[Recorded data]
= Beginning of Section =

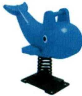
Material: Plastic LLDPE Size: 88cmX48cmX88cm
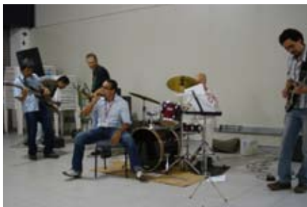
Show anima alunos na volta às aulas

Para reunir, animar e saudar os alunos, no dia 12 de fevereiro a instituição organizou um show instrumental com pitadas de rock, no campus Vergueiro. Devido ao sucesso da iniciativa, a banda “Mooça Musical” se apresentou novamente, quatro dias depois, na entrada do prédio D do campus Memorial.
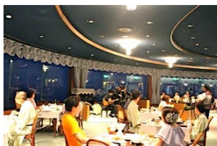
男鹿桜島リゾートきららかディナーショー（男鹿市）7/30/15
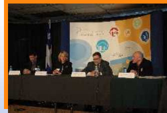
Mauricie, printemps 2007
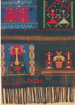
融入现代元素的黎锦作品。
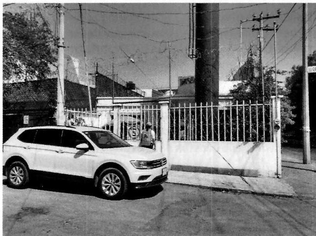
Fotografía 1. Se muestra fachada del sitio señalado como el de los hechos denunciados

En este sentido, de las constancias que obran en el presente expediente, se desprende que personal de esta Subprocuraduría llevó a cabo una visita de reconocimiento de hechos, de acuerdo a lo establecido en el artículo 15 BIS 4 fracción IV de la Ley Orgánica de esta Entidad, diligencia durante la cual una persona trabajadora del sitio donde se denunciaron los hechos objeto de la presente investigación, hizo de conocimiento al personal adscrito a esta Subprocuraduría que el ejemplar canino que fue señalado en el escrito de la denuncia, ya no se encontraba en el inmueble, lo anterior toda vez que el propietario del mismo, que también trabajaba en el inmueble, se lo llevó a su domicilio. Cabe señalar que el personal de la PAOT constató que efectivamente no había algún ejemplar con las características descritas en la denuncia al interior del domicilio en cuestión.
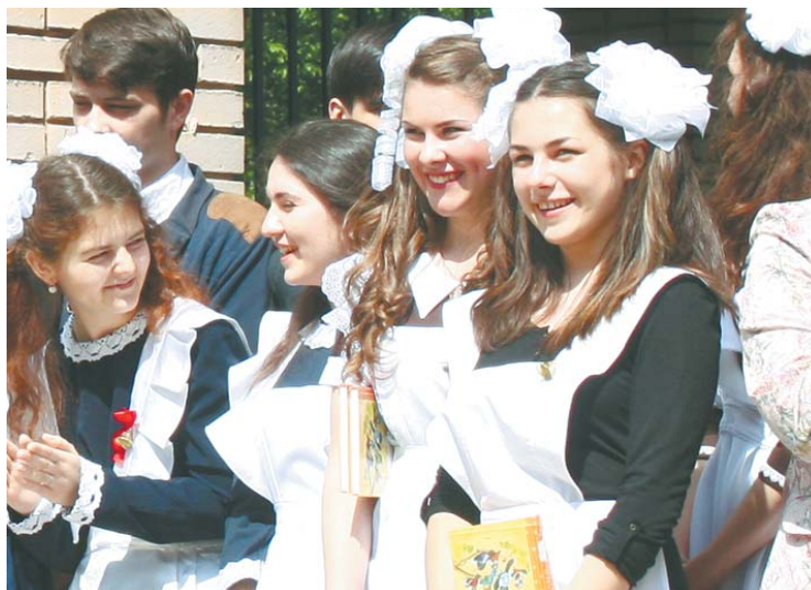
Юные, красивые, успешные!

26 мая в 19.00 на телеканале «360° Подмоскowie» пройдёт прямой эфир губернатора Московской области
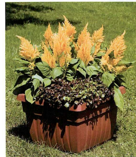
Celosia plumosa 'Fresh Look Gold'

Ibridata per essere naturalmente compatta e ben ramificata, la coltivazione di Graffiti® non richiede l'uso di brachizzanti. La forma compatta
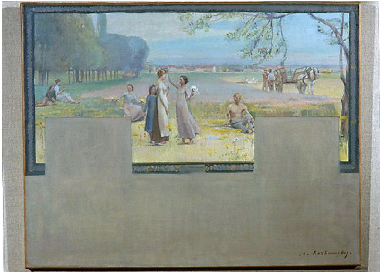
La jeunesse. Esquisse. (Musée du Petit Palais)
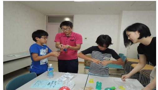
みんなで力を合わせて
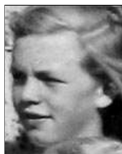
Række III nr. 3
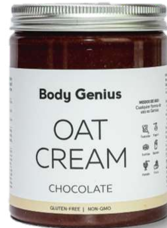
Crema de civada i xocolata - 270 g
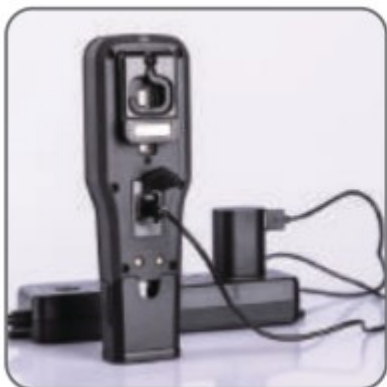
Nabíjení ze sítě
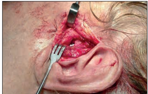
Figura 5. Pin, implantado de ATM
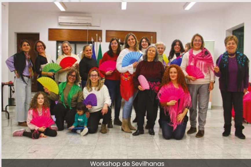
Workshop de Sevilhanas

A Junta de Freguesia deixou ainda nas redes sociais uma mensagem de reconhecimento às mulheres pelo papel que desempenham no dia-a-dia, seja na família, no trabalho ou na comunidade.
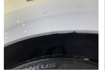
Çamurluk, sağ arka, Çamurluk, sağ arka > Boyası Atmış
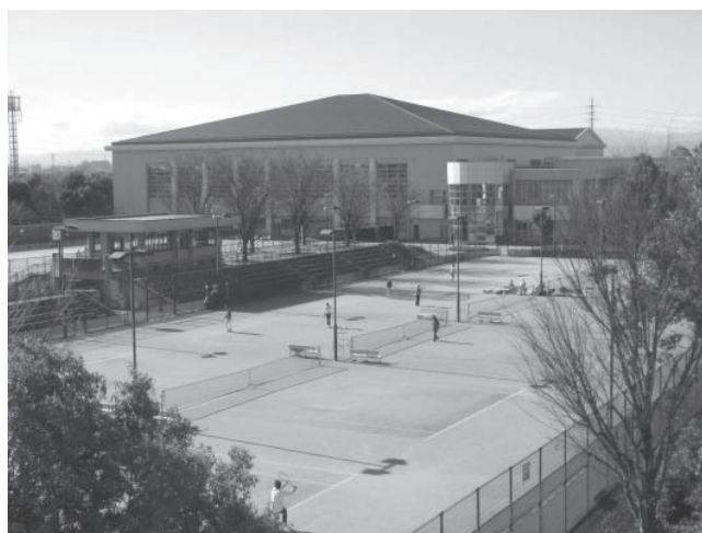
川越運動公園 総合体育館・テニスコート
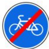
Знак 4.4.2. Конец велосипедной дорожки
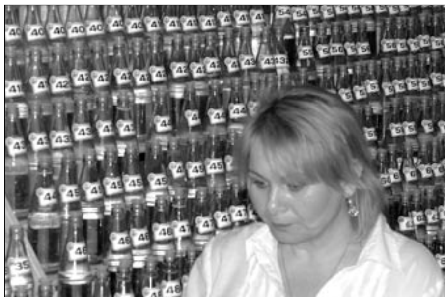
Na staroměstském koštu bude velký výběr pálenek.
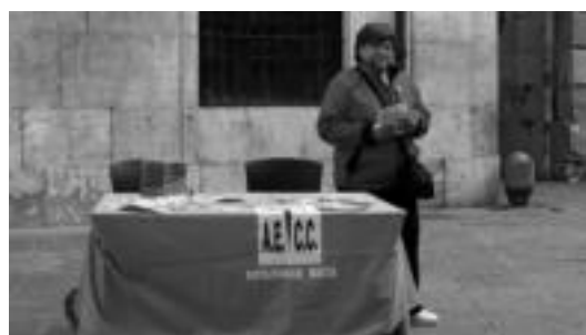
Udaletxean begizta arrosa jarri zuten eta Trianguloan informazio mahaiak ere izan zen atzokoan. R. CALVO
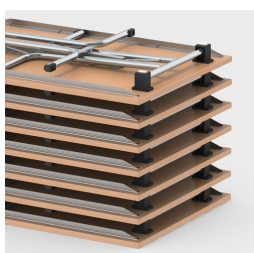
Bis zu 16 Tische stapelbar
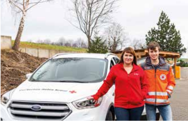
Fahrdienst des DRK KV Dippoldiswalde e. V.

Der Beginn des Jahres 2022 gestaltete sich für den Fahrdienst aufgrund von Corona und altersbedingten Abgängen personell schwierig.
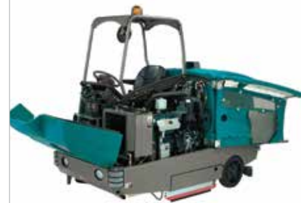
Diseño de fácil acceso
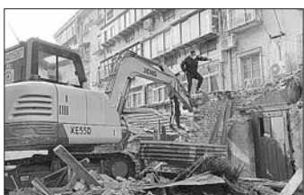
拆除现场。
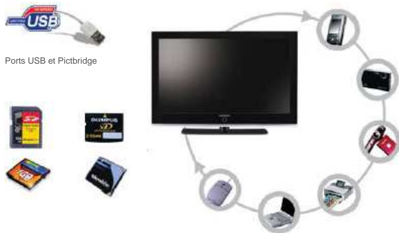
Ports USB et Pictbridge
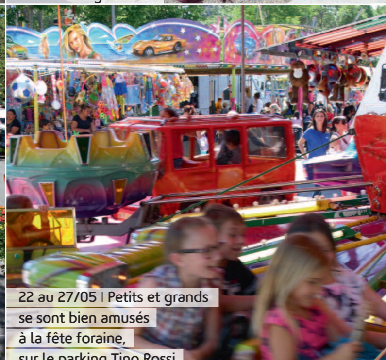
22 au 27/05 | Petits et grands se sont bien amusés à la fête foraine, sur le parking Tino Rossi
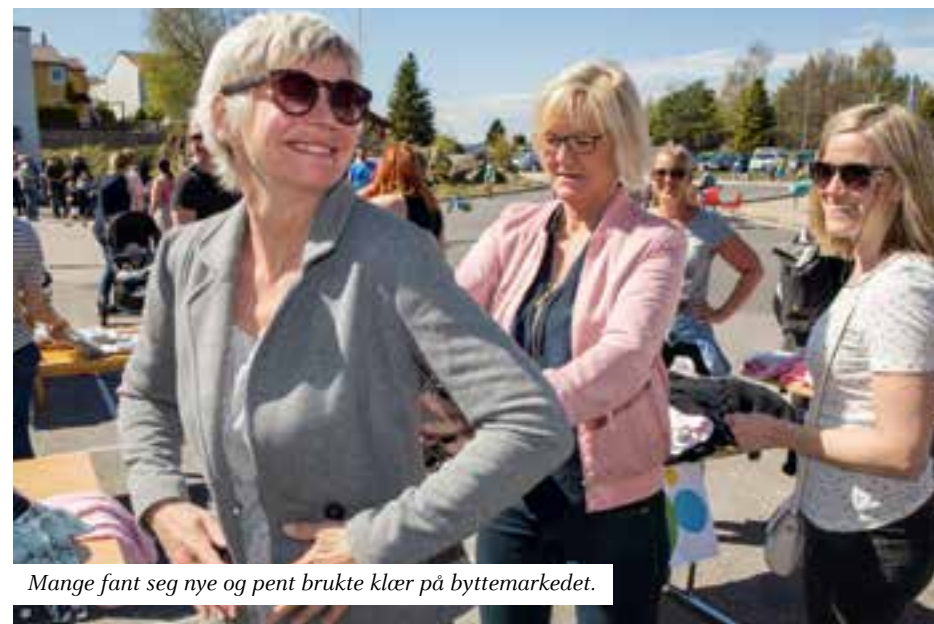
Mange fant seg nye og pent brukte klær på byttemarkedet.
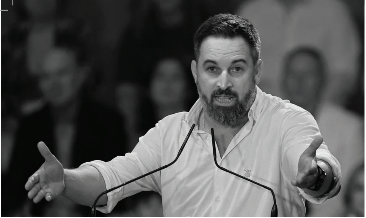
Photo: İspanyol aşırı sağcı lider Santiago Abascal, 24 Haziran'da Madrid'de düzenlenen bir seçim toplantısında bir konuşma yapıyor | Thomas Coex / AFP, Getty Images ile
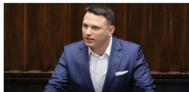
Mentzen ma odpowiedzieć na trudne pytania wyborców.

Jeden z liderów Konfederacji, prezes Nowej Nadziei, przedstawił właśnie plan spotkań, który obejmuje kilkanaście miast w Polsce. Jednym z miast na trasie jest Mielec.
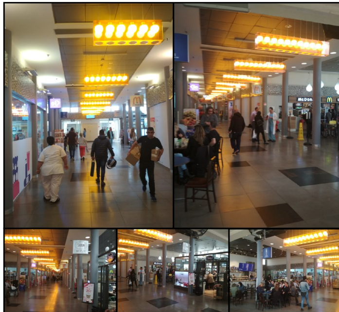
תמונה: מרכז מסחרי במאיר
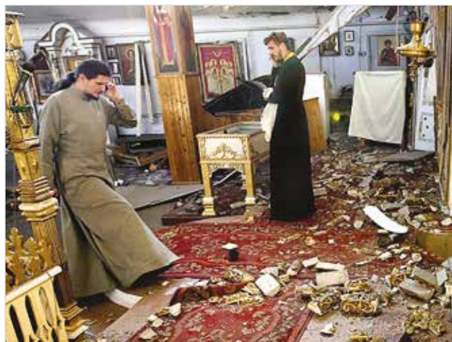
В разрушенном храме

Уничтожить каноническую Украинскую Православную Церковь невозможно, но маргинализировать ее в политическом поле украинская власть и ПЦУ очень хотят. Причина в том, что
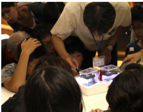
新素粒子発見？放射線の足あとが見えた！

話がはずんでくると、いろいろ聞きたいことが出てきます。 サイエンスカフェでは話の途中の質問は大歓迎です！
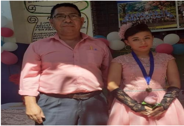
Ilustración 8 Rina en su graduación con el director de la escuela

“Mi familia y yo estamos muy contentos y agradecidos con Muchas Más por el apoyo que nos brindan. En algún momento creí que no sería posible lograr este sueño, pero gracias a mi esfuerzo y a su apoyo, me siento preparada para iniciar mi bachillerato y luego ir a la universidad. Sueño con llegar muy lejos y ser una mujer profesional.”
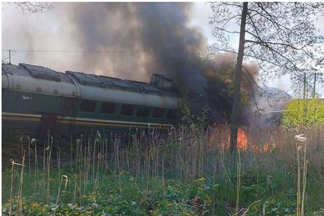
Vykolejený běloruský vlak v Brjanské oblasti

Hlavním cílem Západu je destabilizace Putinova režimu a jalové výsledky ukrajinské armády dokazují, že na frontě na Ukrajině prostě Rusko porazit a poškodit nejde. A selhaly i ekonomické sankce proti Rusku. Ani ty neuspěly. Jediným řešením je tak partyzánská činnost a přenesení války přímo dovnitř Ruska, a to formou sabotáží a zřejmě i formou státem a západem sponzorovaného terorismu uvnitř Ruska.
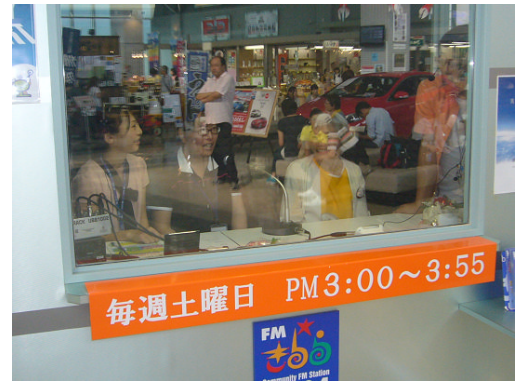
4) FM きららで UNCCA 紹介
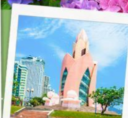
อาคารตอกบัว
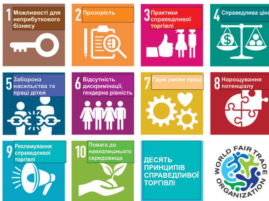
Рисунок 3 – Десять принципів справедливої торгівлі

Для цього в роботі проведено сегментування споживачів залежно від їх відношення до екології та екологічності, розглянуто основні мотиви споживання. Дослідження показують, що основним мотивом споживання екологічного одягу є турбота про здоров'я родини та власне здоров'я, трохи нижче в ієрархії знаходяться особливості еко-дизайну та турбота про стан навколишнього середовища. Саме ці мотиви необхідно використовувати при формуванні маркетингової політики у сфері еко-
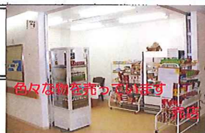
色々な物を売っています
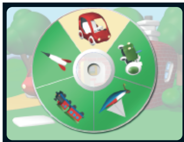
Slumpsnurren väljer automatiskt en av temats fem berättelser.
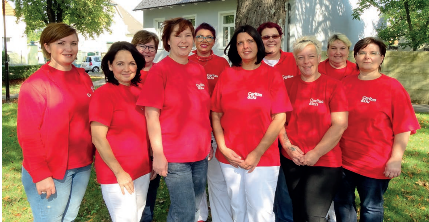
Das Caritas Pflege Zuhause Team Deutsch-Wagram

Gemeinsam mit Ihnen und Ihren Angehörigen planen wir Art und Umfang der benötigten Betreuung. Wir gestalten gemeinsam mit Ihnen Ihren Alltag, kurz- oder langfristig je nach Bedarf.
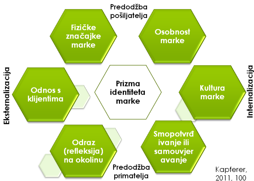
Slika 1. Prizma identiteta marke
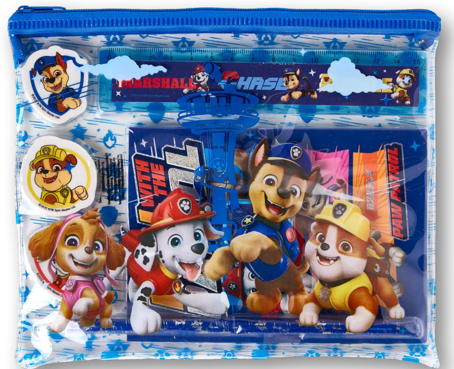
Gefülltes Etui 8tlg. versch. Designs, Inhalt: Softcover Notizbuch, Bleistift, Anspitzer, Lineal, 3 Radiergummis, je
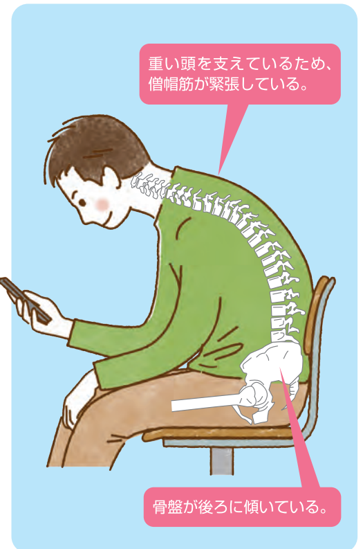
図1 悪い姿勢(極端なうつむき姿勢) 背中の表層にある筋肉(僧帽筋)の緊張は肩こりの原因に、骨盤の傾きは腰痛の原因になる。
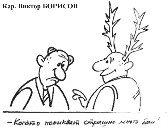
- Когато поникват страшно много бани!
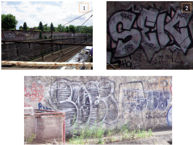
Fig. 6: Un lieu « ancestral »

de l'autre de ces murs, dans une temporalité particulière. Les photographies de la figure 6 ci-dessous ont été prises depuis une route sous laquelle passe une voie ferrée, comme on le voit en photographie 1. Elles sont un instantané d'un lieu qualifié d'« ancestral » pour la réalisation de graffitis à Lyon 14 . D'un point de vue étique (Pike 1967), un tel mot pourrait sembler paradoxal et inapproprié au vu des dates où certains d'entre eux ont été réalisés – 2014 pour le graffiti de SEK dans la photographie 2 et 2007 pour le lettrage de SOLI (en noir) en photographie 3. Néanmoins, d'un point de vue émique ( Idem ), cette expression éclaire cette ambivalence en jeu dans la temporalité de la pratique, des expériences vécues et des traces qui subsistent.
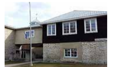
Harkujärve põhikool.

Kooliaasta avaaktus toimub tarkusepäeval kell 10.30 kõikidele klassidele korraga. Oodatud on kindlasti ka esimeste klasside õpilaste vanemad. Traditsiooniliselt on etteasted nii õpilastelt kui ka õpetajatelt, kõne direktorilt ja tervitussõnad kooli presidendilt. Igatahes aabitsad ootavad juba jagamist.
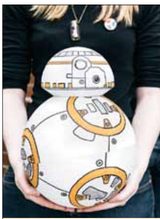
Студенческая «игрушка» – робот BB8 из фильма «Звездные войны»
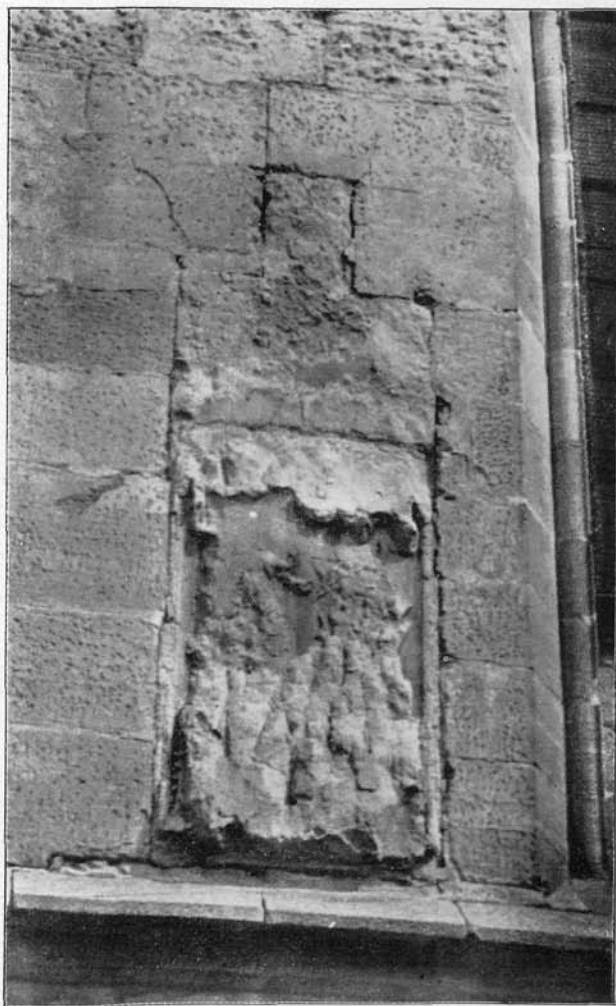
2. Krisztus az Olajfák hegyén Földvár (XV. sz. közepe).
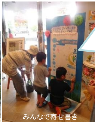
みんなで寄せ書き
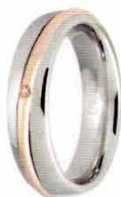
Oro bianco e rosa ct. 0.01
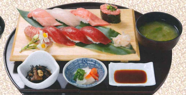
蓝鳍金枪鱼多样寿司定食 2,600円
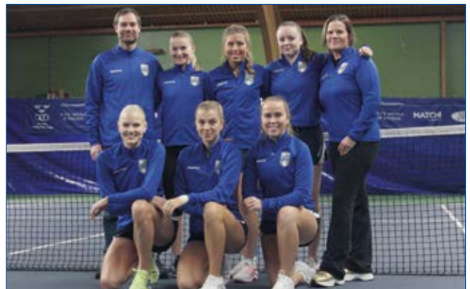
Damernas A-lag i tennis gick till SM-final.
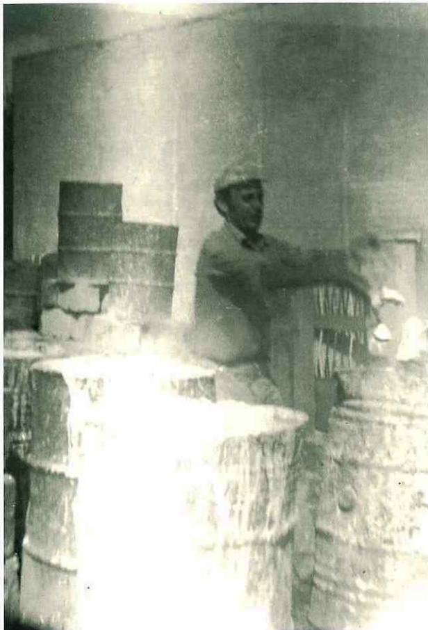
N° 179. Anno 1955. Si scioglie la calce in vecchi fusti.
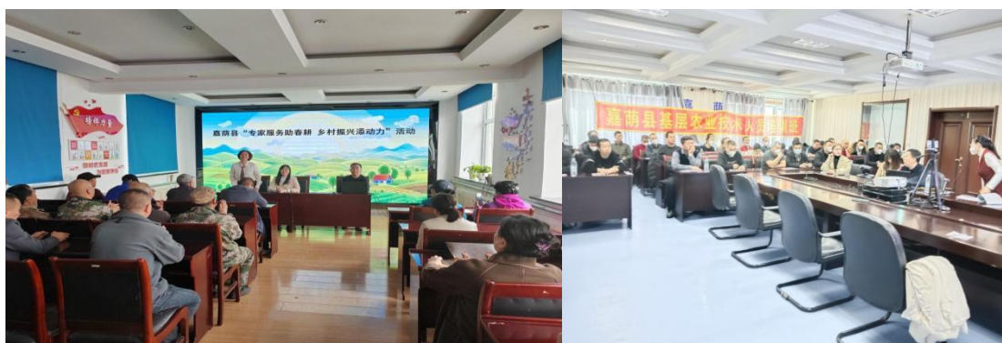
图 7 杨念福教授赴嘉荫县驻县援边
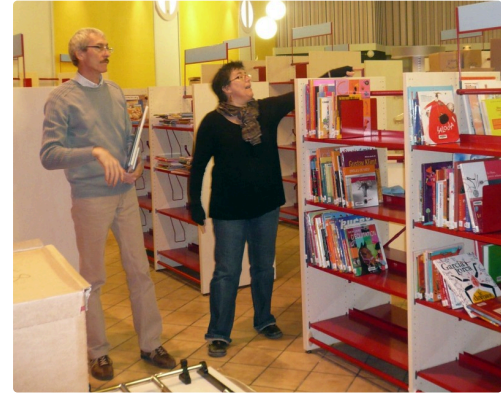
installation de la médiathèque du colisée
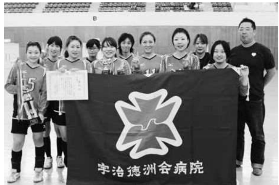
準優勝 宇治徳洲会病院チーム
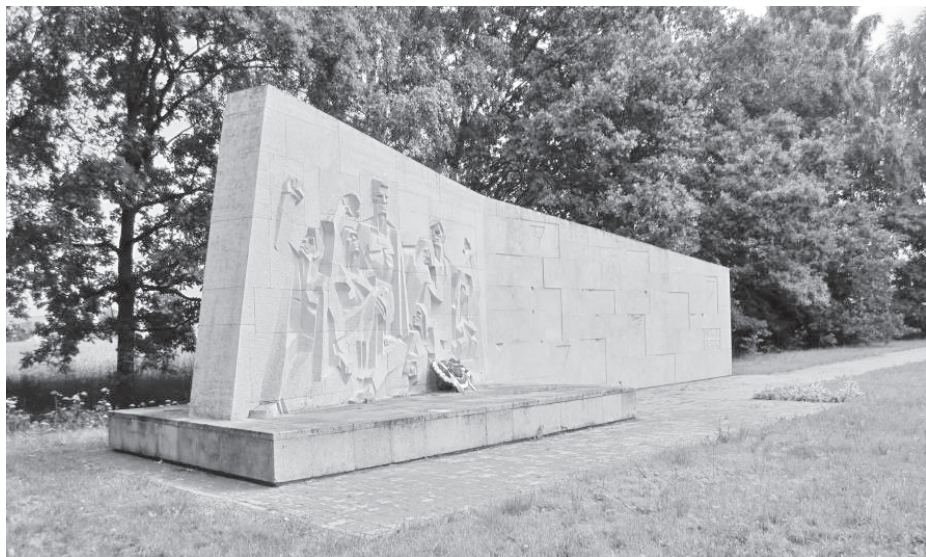
Memoriaal Lemmatsis

Nõukogude võimu ajal rajati Jalaka liini kohale Tartu-Valga maantee äärde mälestusmärk.

= End of Section =

EXERCISE DETAILS:
The answer should consist only of the lines above from the one with "Diseño de fácil acceso" through the one with "Ilustración 8 Rina", repeated exactly, with no pictures among them.

RESULT:
Diseño de fácil acceso
拆除现场。
Ports USB et Pictbridge
22 au 27/05 | Petits et grands se sont bien amusés à la fête foraine, sur le parking Tino Rossi
Mange fant seg nye og pent brukte klær på byttemarkedet.
Photo: İspanyol aşırı sağcı lider Santiago Abascal, 24 Haziran'da Madrid'de düzenlenen bir seçim toplantısında bir konuşma yapıyor | Thomas Coex / AFP, Getty Images ile
Mentzen ma odpowiedzieć na trudne pytania wyborców.

Jeden z liderów Konfederacji, prezes Nowej Nadziei, przedstawił właśnie plan spotkań, który obejmuje kilkanaście miast w Polsce. Jednym z miast na trasie jest Mielec.
תמונה: מרכז מסחרי במאיר
В разрушенном храме

Уничтожить каноническую Украинскую Православную Церковь невозможно, но маргинализировать ее в политическом поле украинская власть и ПЦУ очень хотят. Причина в том, что
新素粒子発見？放射線の足あとが見えた！

話がはずんでくると、いろいろ聞きたいことが出てきます。 サイエンスカフェでは話の途中の質問は大歓迎です！
Ilustración 8 Rina en su graduación con el director de la escuela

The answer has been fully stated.